The tree-lined Melnea Cass Boulevard corridor and nearby parks cut a swath in Roxbury's intense urban heat island, as seen in this map of daytime surface temperature variations. Courtesy of the Climate Ready Boston Map Explorer.

"You can feel the difference, especially in summer, when you stand under a tree. It’s not just shade – that’s part of it – but trees also cool by evapotranspiration, cycling water through their system... that process of water evaporating into gas provides air conditioning benefits," says Meshoulam. "And then there are also the intangible benefits around mental and community health: trees provide a sense of rest, and taking trees away can be traumatic."

Project documents clearly indicate that preserving trees has been a widely-held goal of the community from the early stages of the project's design process: a 2018 filing for state environmental permits states that the design had been "refined through communication and coordination with local community members... (to limit) impacts to existing mature trees."

The same filing states that 48 trees were slated for removal in the project – a figure that had been reduced from over 200 tree removals in the earliest stages of design.

But that number crept upward again in subsequent design iterations, each of which got fewer opportunities for public scrutiny.

By June 2019, the "100 percent" design blueprints, which would ultimately be used as a template for the construction project, called for the complete removal of 121 mature trees, in addition to root trimming that would impact hundreds of other trees in the corridor.

Earlier this year, MassDOT authorized a $26 million contract with the Newport Construction Corporation of Nashua, NH to execute that design. The choice of that contractor also raised eyebrows among tree advocates: in 2017, Newport allegedly cut down several mature trees along Beacon Street without notifying abutters.

The Friends group may have gotten a boost this summer, when Dr. Karilyn Crockett, who chronicled Roxbury's activism against the Inner Belt in her book People Before Highways, joined Mayor Walsh's cabinet as the city's new Chief of Equity.

According to Boston officials, Crockett started collaborating with other city staff over the summer to reevaluate the project with a focus on its impacts to historically underserved communities in Roxbury.

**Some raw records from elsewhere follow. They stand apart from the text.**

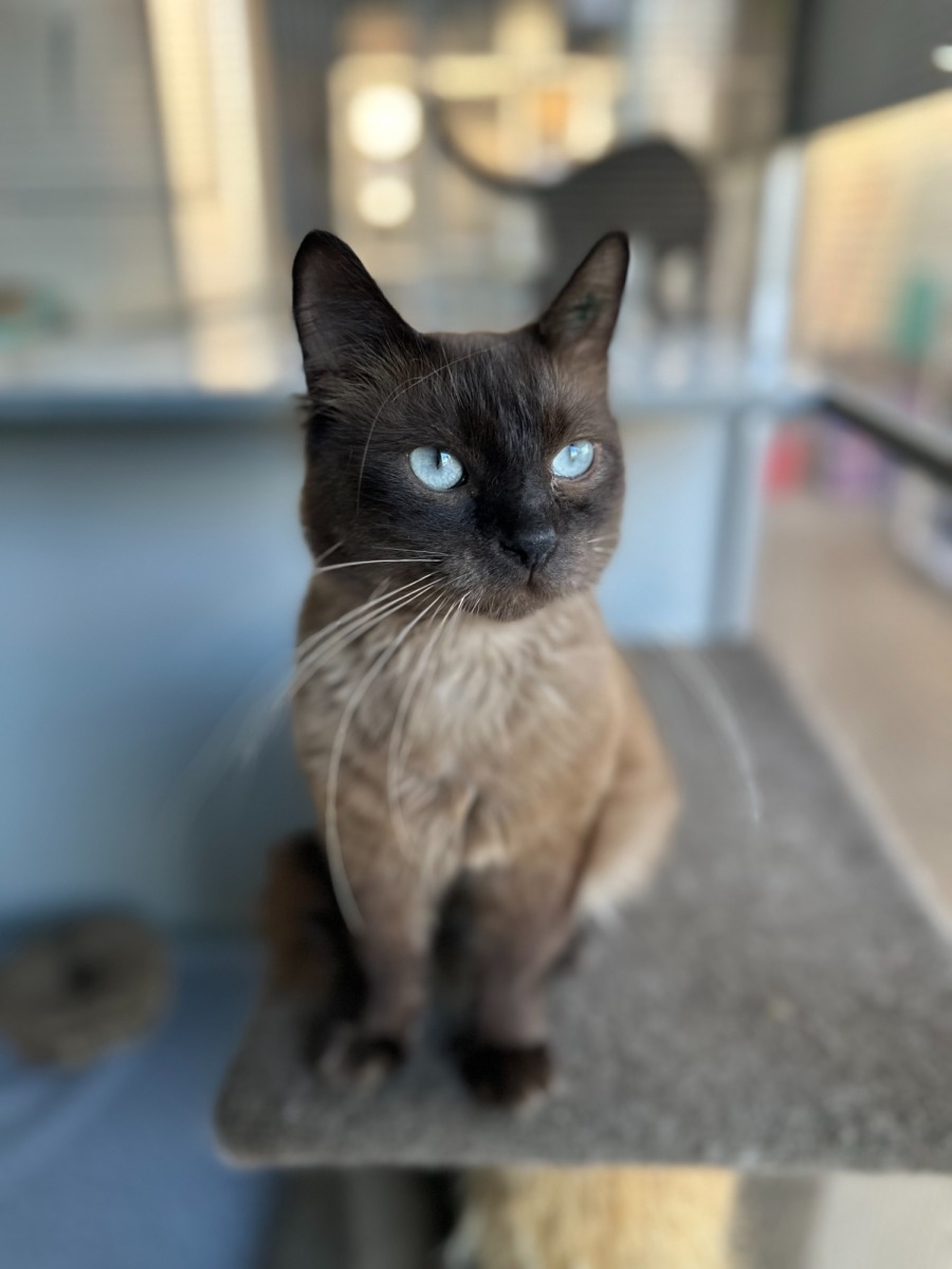 With his big, bright eyes, Baxter likes to keep tabs on everything happening around him. He is an observant boy who enjoys watching the comings and goings of the cattery, paying particular attention to the outside dog called Kitty. He is definitely on alert when she is around, watching her and retreating into a cat tower when she gets to close to window. When it’s time for affection, he’s all in chin scritches and big pats are his absolute favourites, and he gazes up at you with pure adoration as you oblige. He does have a limit of how many he likes and will let you know when he has had his fill.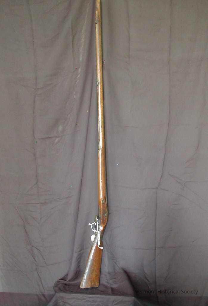 Long-barreled musket. It has a brass trigger guard and butt mount. The barrel is marked "ELG" within an oval, with a five-pointed star.
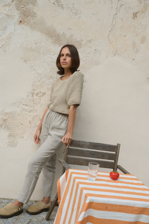 Linen is a delicate fabric. With every wear, it gets looser and softer. If you choose a linen garment in which you sit a lot, it is possible that the part on which you sit gets thinner over time. Perspiration also affects the fabric, so it is important to keep the garment clean.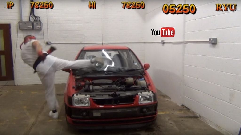 Oheisella videolla kaveri paukuttaa vanhan Volkswagen Polon päreiksi niin sanotusti paljain käsin. Mallia on haettu legendaarisesta Street Fighter -pelisarjasta.

At the end of August, the Boston Cyclists Union, which had been involved in the earlier design process and supportive of the project's proposed bike and pedestrian safety improvements, joined calls for the city to put the project on pause. And at a September 14th press conference, the Friends of Melnea Cass welcomed support from Boston City Council President Kim Janey, Councilor Michelle Wu, and State Senator Sonia Chang-Díaz.

Because the project is already under contract between MassDOT and Newport, the City of Boston has limited influence. But city officials say that they are working with MassDOT to pursue possible "change orders" to the agreement.

"MassDOT is aware we are reviewing the project to see if we could save additional trees," wrote a Boston Transportation Department (BTD) official in an email last week.

Change orders to a project that's already under contract can be expensive, but they're not unusual. Peter Furth, a Professor of Civil Engineering at nearby Northeastern University, observes that minor changes to the project's protected bikeways and sidewalks could preserve more trees at relatively low cost.

"A change like moving the entire roadway over, or changing the drainage – that can be expensive and hard to do (once a project is already under contract)," said Furth in a phone conversation with Streetsblog last week. "But making the bike path a little bit narrower in some locations to save a row of trees – changes that wouldn't actually cost any more to construct – those could be relatively easy."

BTD also asserts that the current contract with Newport has "strong language" for tree protection and care throughout the duration of the project, and that contract change orders for additional tree protections are also under consideration.